### ACTIVITY
Omit all pictures, then repeat the listing exactly.

======== SOURCE DATA ========

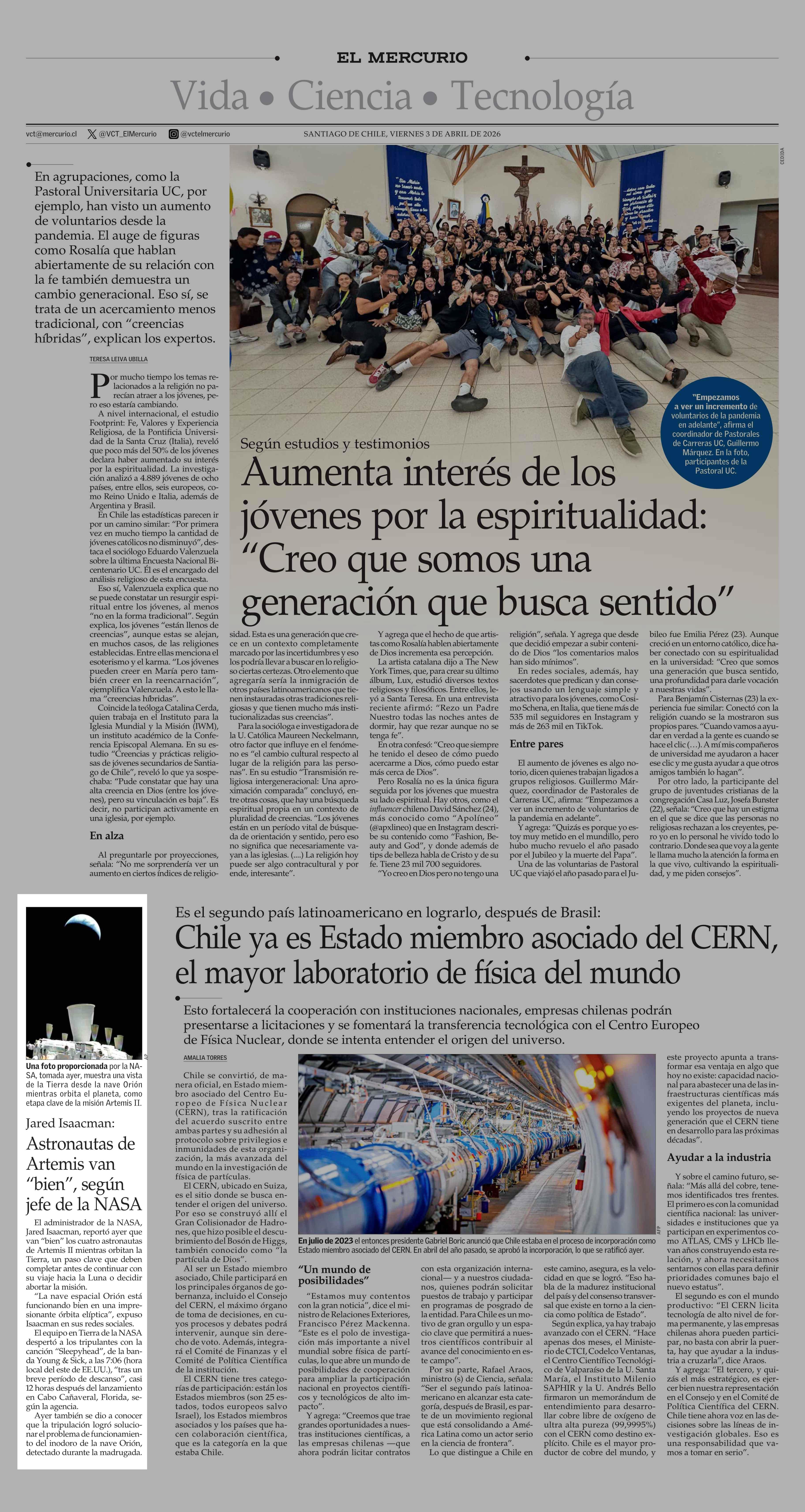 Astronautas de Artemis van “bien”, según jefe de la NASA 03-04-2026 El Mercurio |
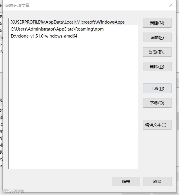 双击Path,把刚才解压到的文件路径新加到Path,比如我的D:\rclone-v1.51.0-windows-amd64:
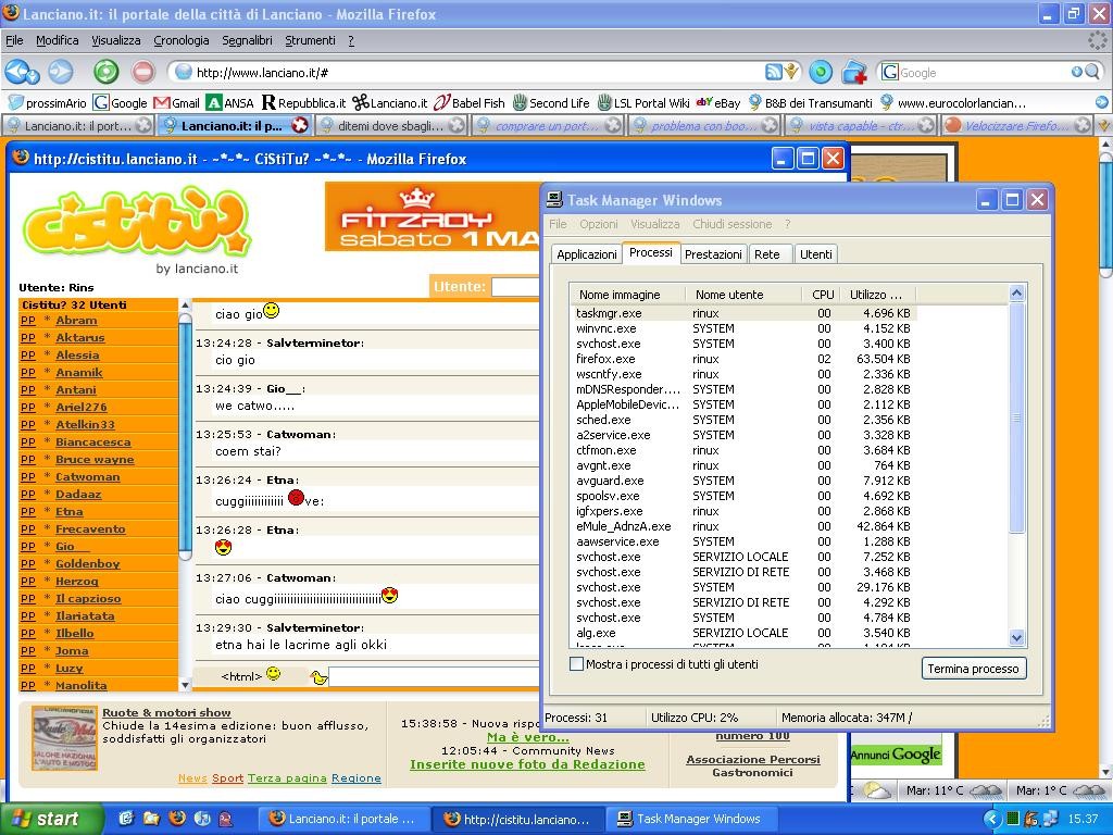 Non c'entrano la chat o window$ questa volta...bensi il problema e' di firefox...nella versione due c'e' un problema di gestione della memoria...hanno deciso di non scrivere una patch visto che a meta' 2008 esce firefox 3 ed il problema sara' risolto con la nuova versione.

========

### ANSWER TO THIS TASK
 Astronautas de Artemis van “bien”, según jefe de la NASA 03-04-2026 El Mercurio |
 双击Path,把刚才解压到的文件路径新加到Path,比如我的D:\rclone-v1.51.0-windows-amd64:
 Non c'entrano la chat o window$ questa volta...bensi il problema e' di firefox...nella versione due c'e' un problema di gestione della memoria...hanno deciso di non scrivere una patch visto che a meta' 2008 esce firefox 3 ed il problema sara' risolto con la nuova versione.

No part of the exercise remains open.